Karin Gottlieb, who designed the festival’s two other experiences with the help of a number of behavioural scientists, agrees. “It can get quite didactic,” she says, “but the trick is to make it an immersive experience that talks to the senses rather than the mind”.
“The challenge is to create a sensory experience that people might remember better than something they read on a poster”

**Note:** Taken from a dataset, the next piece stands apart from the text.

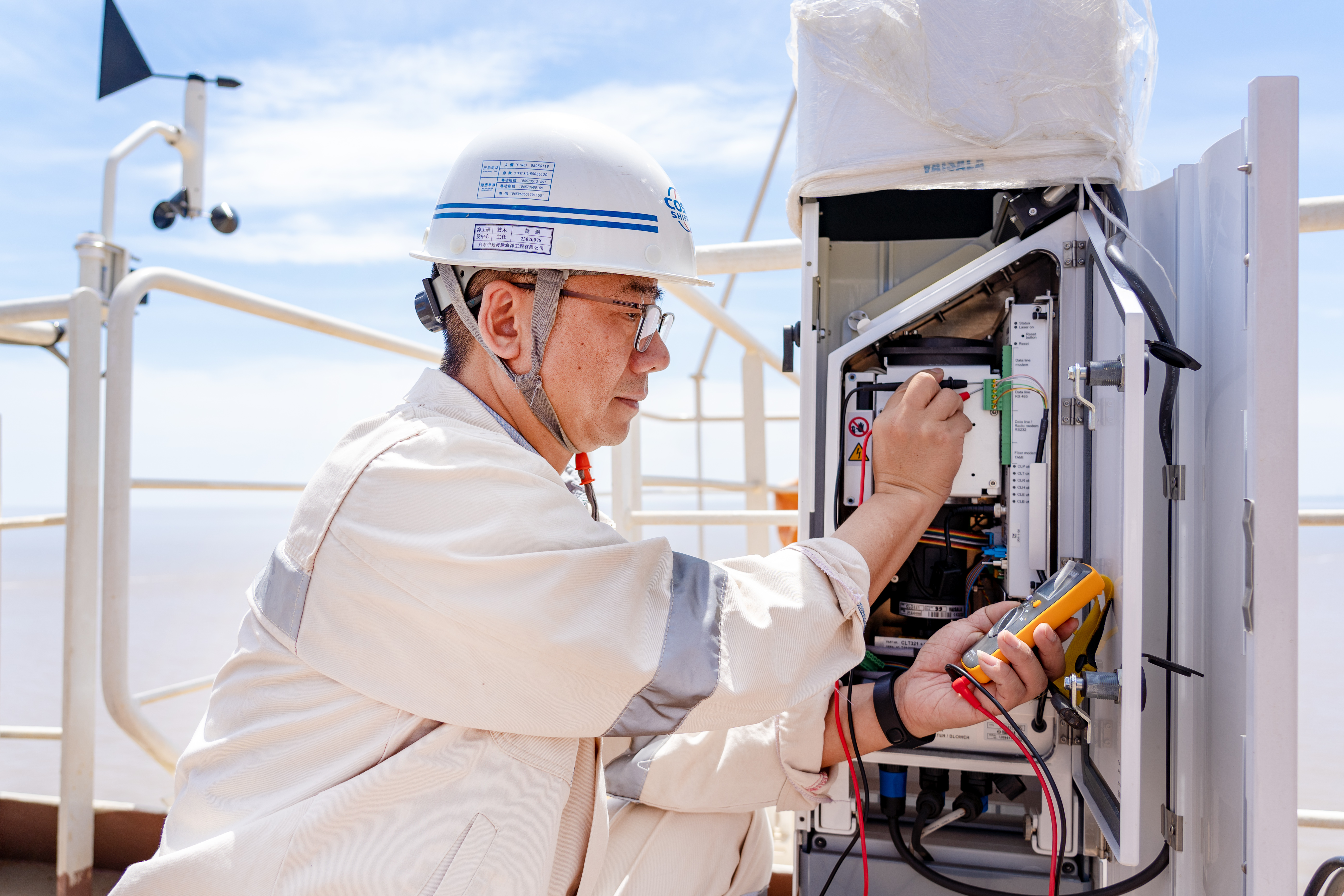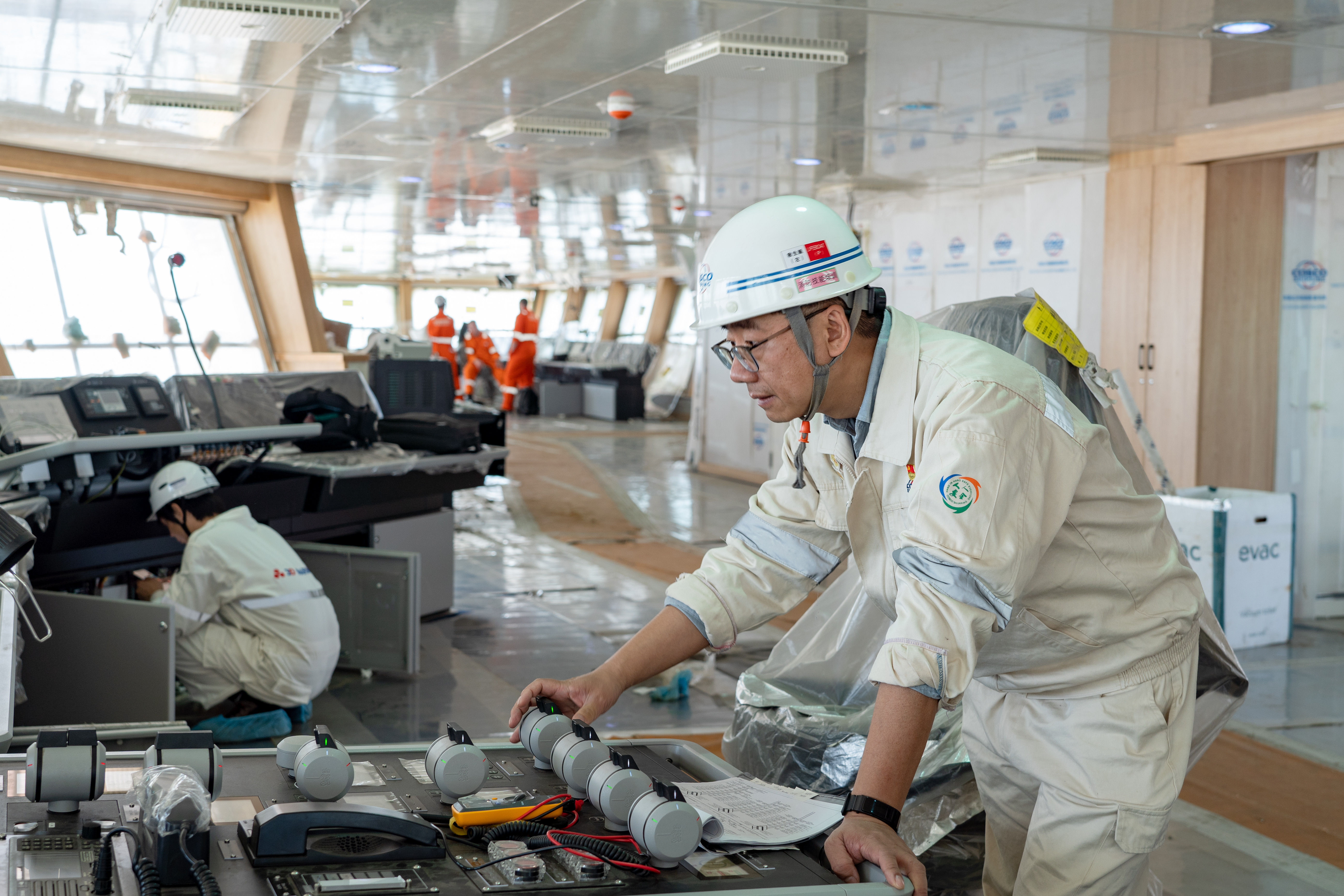 一手拿着图纸,一手握着电表,启东中远海运海洋工程有限公司海工与新能源研发中心电气室副主任黄剑说话不急不缓,像一名严谨细致的教师。

At the transport experience, that means steering remote-controlled race cars up a miniature ramp, and outside, having a go as a rider or passenger in a cargo bike. In the home experience, people take turns aiming a light at a poster of the sun in a game about solar power before piecing together a giant puzzle filled with sustainable insulation alternatives to form the shape of a house. “These are activities that easily engage us, while live hosts introduce the topics we’re trying to address, asking questions that spark a conversation,” says Gottlieb. The idea is not to overburden people with knowledge, she stresses. The aim instead is “to use symbolic actions and conversations about different opinions to help people bring the possibilities of life-changing habits home with them”. Change takes time, she emphasises. “You need to attract people, make a strong before, during and after experience. You need to get people’s attention and engage them.”
Visitors exit the transport experience – how else – by sliding down a slide. Outside, the afternoon is drawing to a close but people are still piling into the cargo bikes, taking them for a spin on a short grassy track. There’s lot’s of shared laughter, especially when entire vehicles, complete with kids and pets, go careening off in unexpected directions. Such scenes are proof of something we tend to forget: change can be fun.